Group comparisons (see Table 4) indicated a significantly greater mean level of activity for children with MPS III within the first time quadrant (midnight–6 am), compared to controls (U = 11.0, z = −2.21, p = 0.027, r = 0.55 (large effect)). There were no statistically significant differences between groups in the mean activity scores for the third quadrant (12 pm–6 pm; U = 20.0, z = −1.26, p = 0.208, r = 0.31 (medium effect)) or fourth quadrant (6 pm–midnight; U = 30.0, z = −0.21, p = 0.834, r = 0.05). Although descriptive analysis suggested that activity levels were lower in the MPS III group compared to controls for the second time quadrant (6 am–12 pm), this difference did not reach statistical significance (U = 18.0, z = −1.47, p = 0.141, r = 0.38 (medium-large effect)). However, following removal of one extreme score within the MPS III group, a statistically significant difference between groups was detected (U = 10.0, z = −2.08, p = 0.037, r = 0.52 (large effect)). There was no significant difference between groups in mean total activity scores across the recording period (U = 21.0, z = −1.16, p = 0.248, r = 0.29 (small-medium effect)).

Spearman’s rank correlational analyses were conducted for both circadian rhythm and activity parameters. Despite some observable differences in activity parameters across age in the MPS III group, age was not significantly correlated with any variables in either the MPS III or control group. There was a trend towards a negative relationship between age and relative amplitude in the MPS III group (r = −0.70, p = 0.056) indicating, in line with descriptive statistics, that older children had less differentiation between the most and least active phases across the 24-h period.

Discussion

As hypothesised, actigraphic assessment of circadian rhythm and activity parameters revealed clinically and statistically significant differences between children with MPS III and TD controls. Children with MPS III demonstrated significantly increased variability and fragmentation of circadian rhythm (intra-daily variability) across a 7–10-day period, with less stability of rhythm across days in relation to external zeitgebers (reduced inter-daily stability). There was a marginal trend towards lower relative amplitude in the MPS III group, suggesting that there was less differentiation between the most and least active phases over the 24-h period compared to TD controls. For children with MPS III, individual periodicity scores and times of activity onset and offset were indicative of incidences of both phase delayed and phase advanced sleep-wake cycles although phase delay was more common. There was also greater variability of activity onset and offset times within the MPS III group, which is consistent with results for intra-daily variability and inter-daily stability parameters.

Descriptive analysis of activity level patterns showed a shallower rhythm of activity in the MPS III group, which was attenuated in its rise and fall. This finding corresponds with a trend towards lower relative amplitude (i.e. less differentiation between periods of activity and rest) in individuals with MPS III. Children with MPS III demonstrated significantly higher levels of activity in the early morning hours (midnight–6 am) compared to controls. Descriptive analysis suggested lower activity levels between 6 am and 12 pm in the MPS III group and, after the removal of one outlier, this difference was found to be statistically significant. This is consistent with a later onset of the most active 10-h period in the MPS III group and provides evidence of a later onset of wakefulness and activity, which is suggestive of phase delayed circadian rhythm functioning.
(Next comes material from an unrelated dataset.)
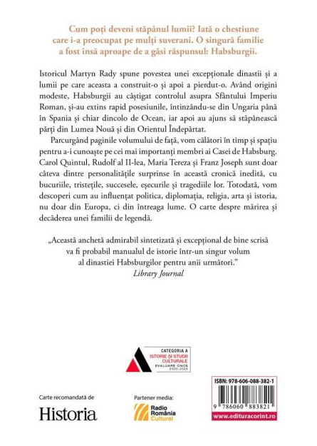 Istoricul Martyn Rady spune povestea unei excepționale dinastii și a lumii pe care aceasta a construit-o și apoi a pierdut-o. Având origini modeste, Habsburgii au câștigat controlul asupra Sfântului Imperiu Roman, și-au extins rapid posesiunile, întinzându-se din Ungaria până în Spania și chiar dincolo de Ocean, iar apoi au ajuns să stăpânească părți din Lumea Nouă și din Orientul Îndepărtat.
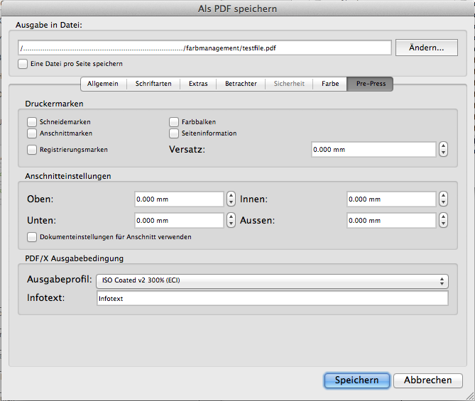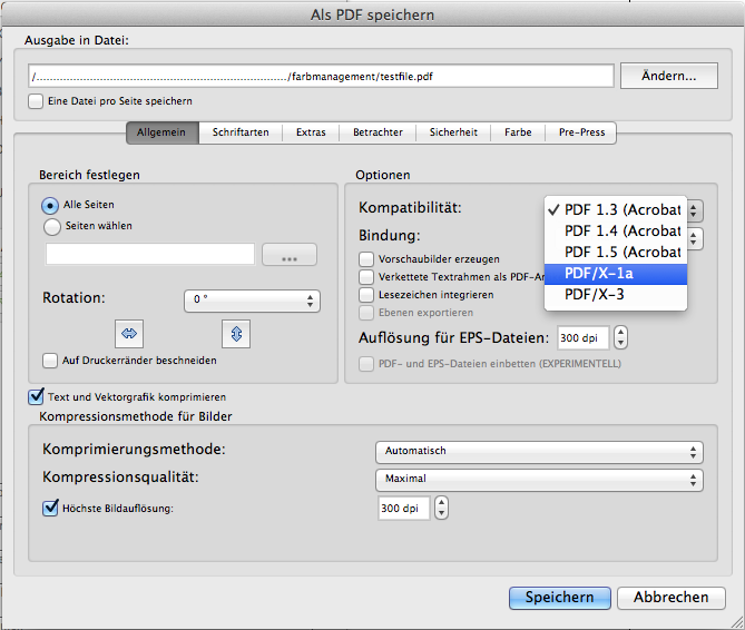 danach erscheint der .pdf-export-dialog. hier interessieren uns im zusammenhang mit farbe die reiter ‚allgemein‘, ‚farbe‘ und ‚pre-press‘.

Taken together, both circadian rhythm and activity parameters were indicative of disrupted circadian rhythm functioning in children with MPS III, and this may offer some explanation of the significant sleep disturbance reported within this population [2831, 33]. Circadian functioning was quantitatively different to TD controls and this finding is consistent with previous research utilising PSG, which reported irregular sleep-wake patterns in individuals with MPS III [35]. With PSG methodology some individuals with MPS III demonstrated no identifiable circadian rhythm of the sleep-wake cycle; however, this finding was not replicated in the present study. This inconsistency may be accounted for by the fact that the PSG study also included adults with MPS III in their sample, who would have been at a later stage of the disease. An increased fragmentation of sleep and circadian functioning has previously been associated with older individuals with MPS III [33, 35]. Accordingly, in the current study, there was a marginal trend towards reduced differentiation between most and least active phases and greater disruption in patterns of activity levels in older children with MPS III. This provides further tentative evidence that sleep and circadian rhythm disturbance may be related to disease progression.

The finding that levels of activity were significantly higher in the MPS III group in the early morning (midnight–6 am) extends previous reports of increased nocturnal wakefulness in MPS III [35]. These bouts of activity may likely relate to episodes of night behaviours and parasomnias as reported by parents [31, 33]. Furthermore, the reduction in activity levels between the hours of 6 am and 12 pm and a later onset of wakefulness in the MPS III group may fit with parent and clinician reports of daytime sleepiness [31, 34]. Both these findings, along with non-parametric indices of rhythmicity, are suggestive of phase delayed circadian functioning in MPS III, although further investigation with a larger sample is required to confirm this. Descriptive analysis of activity data also demonstrated that children in the second phase of MPS III (age 4 and 5 years) had the greatest levels of activity throughout the day. This corresponds with clinical reports of hyperactivity during this period [24, 26, 28].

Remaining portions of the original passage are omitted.